The GBS-specific CAMP gene was detected by polymerase chain amplification and fluorescent labeling of the GBS reagent (Taipu Biological Co. LTD, Fuzhou, Fujian, China), and the results were analyzed using an ABI 7500 Real-time PCR System (Thermo Fisher Scientific Inc., Waltham, MA, USA). After sampling, 1 mL of cleaning solution was added to elute the cotton swabs and shaken for 2 min to make the suspension. All suspensions were put into 1.5 mL centrifuge tubes and the supernatants were discarded after centrifuging at 13,000 rpm for 5 min. The above process was repeated twice, then 50 µL of cleaning solution was added to make a suspension. To draw 50 µL of the suspension washed from the sample swabs, a 50 µL positive control and 50 µL negative control was dispensed into 1.5 mL centrifuge tubes. Ten microliters of internal reference were added to each tube, then dry-bathed at 95 °C for 2 min and ice-bathed at –20 °C for 2–5 min. After centrifugation at 13,000 rpm for 1 min, 5 µL of the supernatant was used for PCR amplification with 44.3 µL of PCR reaction solution, 0.5 µL of Taq DNA polymerase, and 0.2 µL of uracil N-glycosylase (UNG). The PCR reaction solution contained buffer, MgCl ${}_{2}$ , primers, probes, and dNTP. The cycle parameters of this experiment were 37 °C for 2 min, 94 °C for 2 min, 10 cycles at 94 °C for 20 sec and 55 °C for 45 sec, and 30 cycles at 94 °C for 20 sec and 55 °C for 45 sec.

2.5 Statistical Analysis

Data are presented as a percentage, median and interquartile range for different variables. A Chi-square test was utilized to assess the categorical data and the Kruskal-Wallis test was used for measurement data with SPSS 24.0 (IBM Corp., Armonk, NY, USA). p-value $\leq$ 0.05 was considered statistically significant.

3. Results

Two swabs were collected from the anus and vagina of each pregnant woman. So, the results with three situations were recorded (vaginal GBS-positive, anal GBS-positive, the vaginal and anal double GBS-positive; Table 1). The total GBS-positive rate in pregnant women was 6.75% (465/6892; Table 1), the vaginal GBS-positive rate was 0.51% (35/6892), the anal GBS-positive rate was 3.38% (233/6892), and the vaginal and anal double GBS-positive rate was 2.86% (197/6892). The GBS-positive rate was different among the age group and the GBS-positive rate was 6.83% (201/2943) in the 19–30 years (y) group, 6.89% in the (262/3802) the 31–40 y group, 1.36% (2/147) in the 41–52 y group, (p = 0.031), in Table 2.
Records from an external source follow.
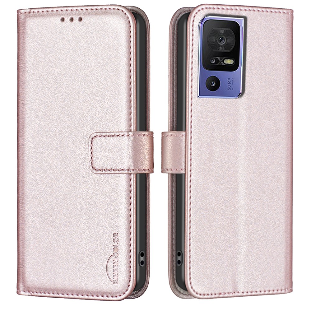 Θήκη TCL 40 SE BINFEN COLOR Leather Wallet Series 12 με βάση στήριξης, υποδοχές καρτών και μαγνητικό κούμπωμα – ροζ χρυσό
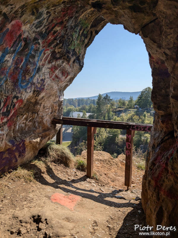 Trafiłem również na niewielką jaskinię, która kończyła się zabezpieczonym oknem z widokiem na Kadzielnię. Świetne miejsce, które w pełni zaspokoiło moją chęć chodzenia po górach. Miałem gdzie poskakać, jak kózka. Polecam się tu przejść, oczywiście na własną odpowiedzialność.
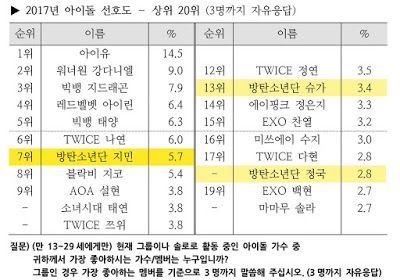 실제로 지민은 조작이 절대 불가능한 갤럽에서 2년연속 방탄내 1위를 차지했고
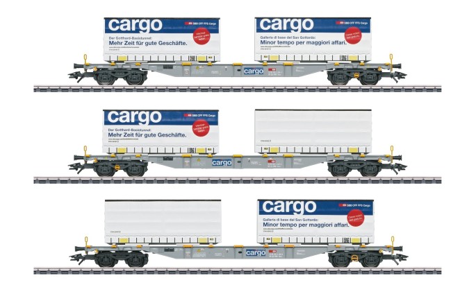 Das H0-Wagenset enthält 3 Tragwagen des Typs Sngss, die jeweils 2 Wechselbrücken der SBB Cargo oder der Firma Esch tragen.
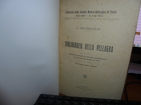 F. SALVERAGLIO. Pavia, Tipografia Cooperativa, 1914. BIBLIOGRAFIA DELLA PELLAGRA. Monografia premiata dal Ministero dell' Istruzione nel concorso Bibliografico del 1887. In-8°, tela con titolo in oro entro tassello al dorso, copertine originali conservate. 189 pp. Ottimo esemplare in prima edizione, legatura recente con le brossure originali conservate. Uff. D - II - 1
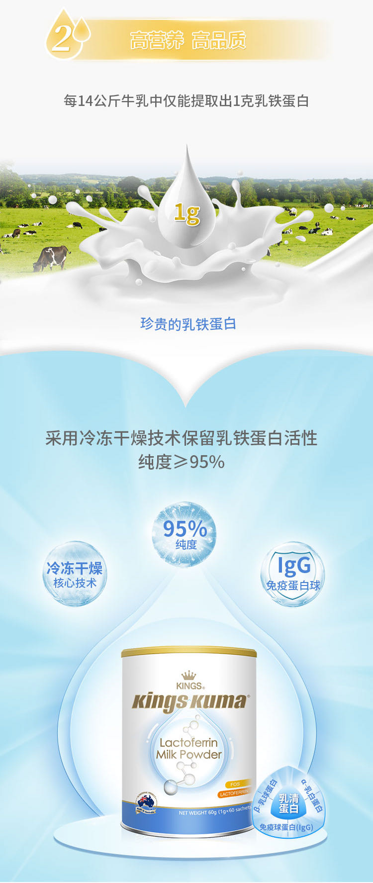| 主要成分 | 脫脂奶粉、乳清蛋白粉、乳鐵蛋白、低聚果糖 |
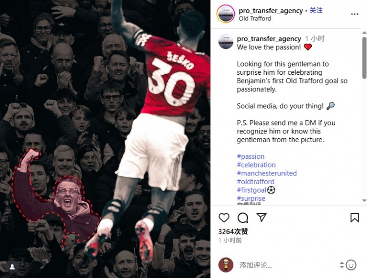 舍什科的经纪公司Pro Transfer Agency晒出这位球迷的相片,并写说念:“咱们爱这份情感!正在寻找这位先生,思给他个惊喜,因为他为舍什科的老特拉福德首球进行了如斯关心的庆祝。”
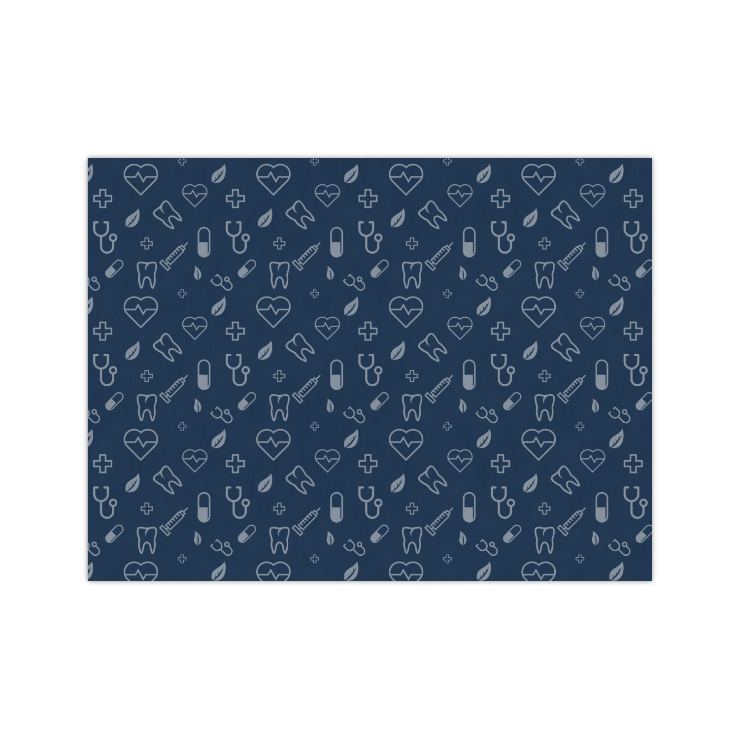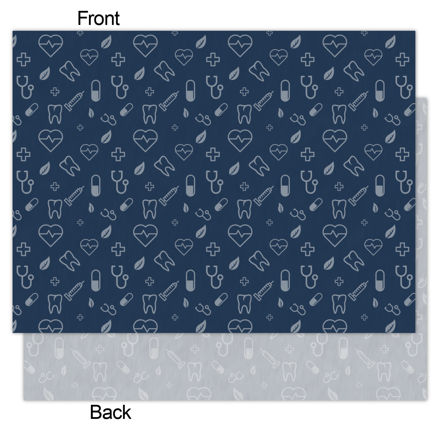 This design features a subtle background with different medical symbols. It is a navy blue with cream accents. There is a large ribbon where your personalization goes! The coordinating design features a quote that says "keep calm, I'm a doctor." This is such a fun design for any medical doctor!
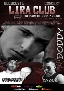 Pe 18 martie (vineri) , în Lira Club (Bucureşti) vor concerta Doddy, The Mosh & Da One . Intrarea este dupa 22:00, biletul 10 lei. Vă aşteptăm!
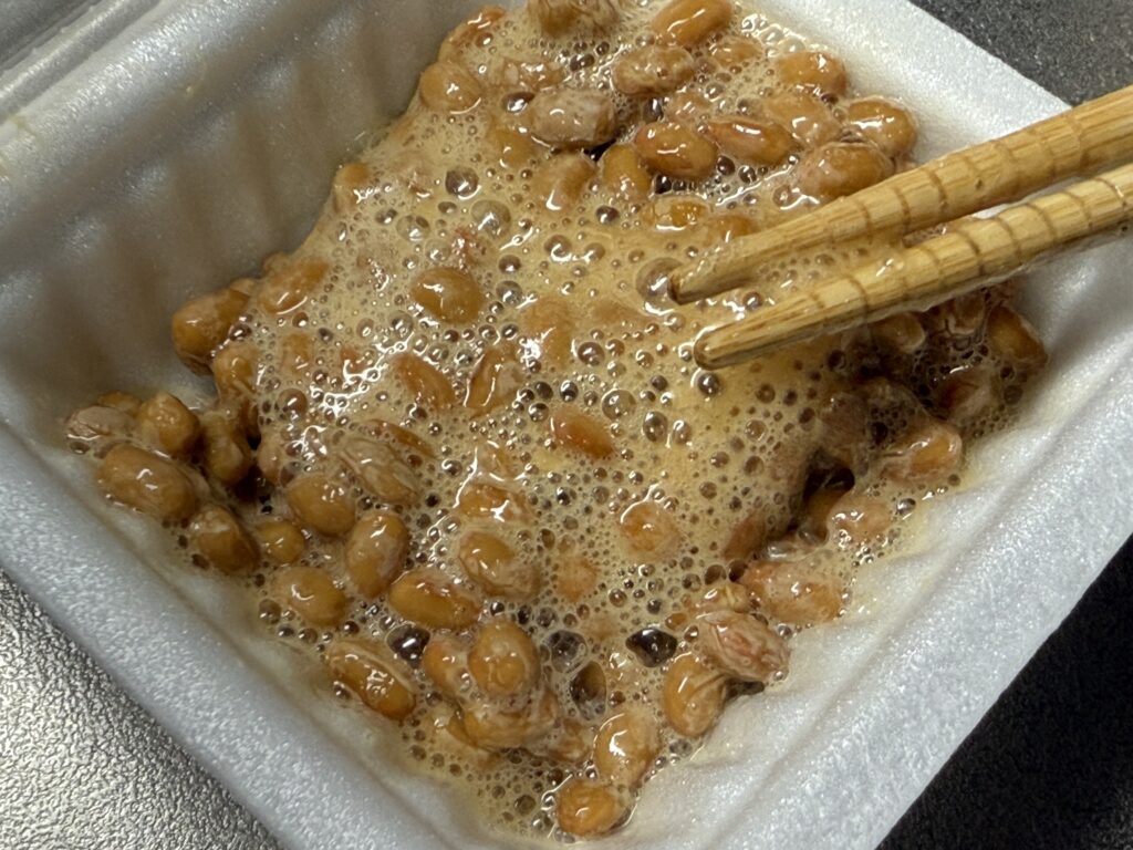 加熱した納豆は匂いがマイルドになって、まるで高級な味噌のような深みが出るのが不思議!
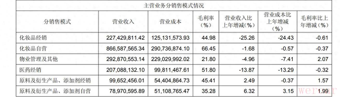 福瑞达将化妆品板块的收入下滑归结为四大原因,包括在细分品类竞争层面,瑷尔博士多款核心单品处于迭代阶段;瑗尔博士严控乱价行为,对部分经销商采取有限停货措施;线上流量红利减退,自播投产比不达预期;受行业环境影响,OEM(代工生产)产品部分客户因经营不善流失。报告期内,该板块经销模式收入同比下滑25.26%至2.27亿元,自营模式收入同比减少1.68%至8.67亿元。

In Table 3, there were not any differences in the three common complications among the two groups. In the GBS- negative and -positive groups, the incidence of prematurity, PROM, and chorioamnionitis were 1.06% and 0.74%, 7.72% and 8.14%, 0.63% and 0.74%, respectively. The corresponding p-values were 0.619, 0.263, and 0.626. Accordingly, there were no differences in the gestational weeks group (p = 0.262).

In the 15,967 newborns group, the neonatal general GBS-positive rate was 0.24% (38/15,967). A total of 48 GBS-positive newborns were identified, among which 38 were born in our hospital. There was a 0.24% (38/15,967) GBS-positive rate among 15,967 births, the infection rate was 0.94 per 1000 live births (15/15,967), and the mortality rate was 0.06 per 1000 live births (1/15,967) (in Fig. 2). Analysis of the data revealed significant differences in delivery mode, gestational age, neonatal birth weight, and Apgar scores among the GBS-colonization, GBS-infection, and death groups (p = 0.010, 0.004, 0.022, and 0.000 $<$ 0.05, respectively; Table 4), as well as the pairwise comparison between groups by the Kruskal Wallis H-test (Table 5).

In the neonatal GBS-infection group, 19 neonates had symptoms of infection within 24 hours after birth. In the $\leq$ 7 days group, 2 newborns had symptoms of infection within 2 days, while in the $>$ 7 days group, symptoms of infection occurred after 15, 21, and 22 days. Symptoms of infection occurred in 2 neonatal deaths within $\leq$ 24 hours after birth. Most of the neonates had pneumonia and some progressed to pyemia or bacteremia. A neonate with pneumonia complicated by bacteremia and meningitis had GBS-positive blood and cerebrospinal fluid cultures (Table 4).

The mothers of 58.33% (28/48) GBS-positive neonates were mostly GBS rectovaginal double-positive. The mothers of 31.25% (15/48) GBS-positive neonates did not undergo GBS testing, in which 25% (12/48) had infections and 2.08% (1/48) died. Three (6.25%, 3/48) GBS-positive neonates had GBS-negative mothers. There were statistical difference between groups (p = 0.002); however, the neonatal infection rate of mothers who did not undergo GBS screening was higher than the other groups (Table 4).

4. Discussion

4.1 Basic Distribution of GBS in Pregnant Women

The GBS-colonization rate of pregnant women in our study was 6.75%, which was close to the average level of the GBS-positive rate in mainland China (3.7–14.52%) [8]. The GBS-positive rates in the vagina, anus, and rectovaginal were 0.51% (35/6892), 3.38% (233/6892), and 2.86% (197/6892), respectively; thus, the GBS-positive rate in the anus was higher than the vagina because the GBS primary reservoir is the gastrointestinal tract [3]. The positive rate of GBS was different among the different age groups. It showed that the prevalence of GBS in younger women was higher than in older women. These results are similar to previous studies [12, 13, 14].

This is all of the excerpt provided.